After seeing three of my recent postings that featured unopened tulips, some readers might come to the erroneous conclusion that I don’t like the colorful flowers of blooming tulips. How could that be possible? Everyone seems to like the cheery colors of tulips.
My neighbor, and fellow photographer and blogger Cindy Dyer, has planted quite a variety of tulips in her garden and I recently took some photos of two very different species. The first is a small, delicate tulip know as the “Lady Jane” (Tulipa clusiana var. ‘Lady Jane’). I am not sure that I have every seen a more petite tulip and I really like its subtle colors.

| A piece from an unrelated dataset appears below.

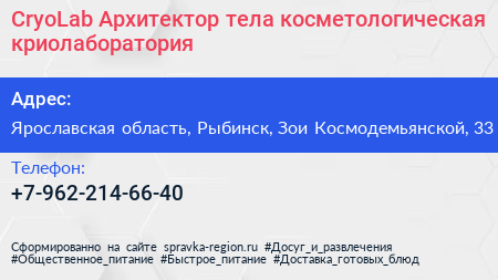 CryoLab Архитектор тела, косметологическая криолаборатория по адресу Ярославская область, Рыбинск, Зои Космодемьянской, 33 в дальнейшем Организация, размещена в следующих категориях:
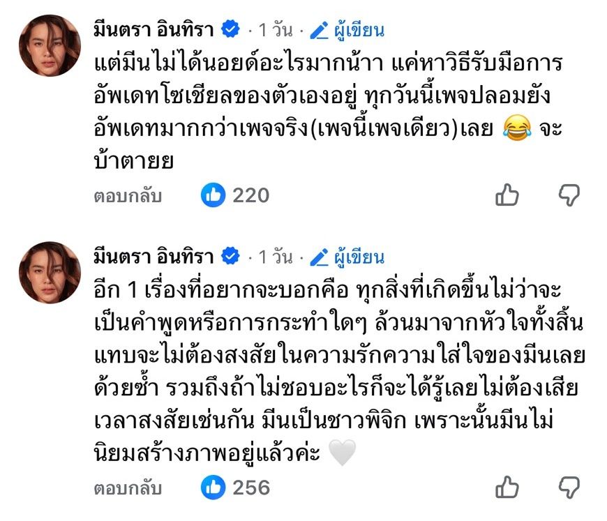 และได้เขียนเพิ่มเติมในคอมเมนต์ว่า “แต่มีนไม่ได้นอยด์อะไรมากน้าา แค่หาวิธีรับมือการอัพเดทโซเชียลของตัวเองอยู่ ทุกวันนี้เพจปลอมยังอัพเดทมากกว่าเพจจริง(เพจนี้เพจเดียว)เลย จะบ้าตายย” และ “อีก 1 เรื่องที่อยากจะบอกคือ ทุกสิ่งที่เกิดขึ้นไม่ว่าจะเป็นคำพูดหรือการกระทำใดๆ ล้วนมาจากหัวใจทั้งสิ้น แทบจะไม่ต้องสงสัยในความรักความใส่ใจของมีนเลยด้วยซ้ำ รวมถึงถ้าไม่ชอบอะไรก็จะได้รู้เลยไม่ต้องเสียเวลาสงสัยเช่นกัน มีนเป็นชาวพิจิก เพราะฉะนั้นมีนไม่นิยมสร้างภาพอยู่แล้วค่ะ”

The second tulip is big and bold and multi-colored, almost a visual equivalent of shouting. This style of tulip is known as a “broken” tulip, because of the way that the colors are broken, resulting in intricate bars, stripes, streaks, featherings, or flame-like effects of different colors on the petals. According to Wikipedia, this effect was originally produced by a tulip-breaking virus, and bulbs with this effect went for exorbitant prices in 17th century Netherlands, during a period known as “tulip mania.” Today, tulips displaying a “broken” effect are stable variants and the result of breeding, not viral infection.
© Michael Q. Powell. All rights reserved
The story of people giving everything they owned for tulip bulbs has always fascinated me. I’ve never figured out if they did it for the love of beauty or if they were trying to out do each other. Or maybe they thought they could make money.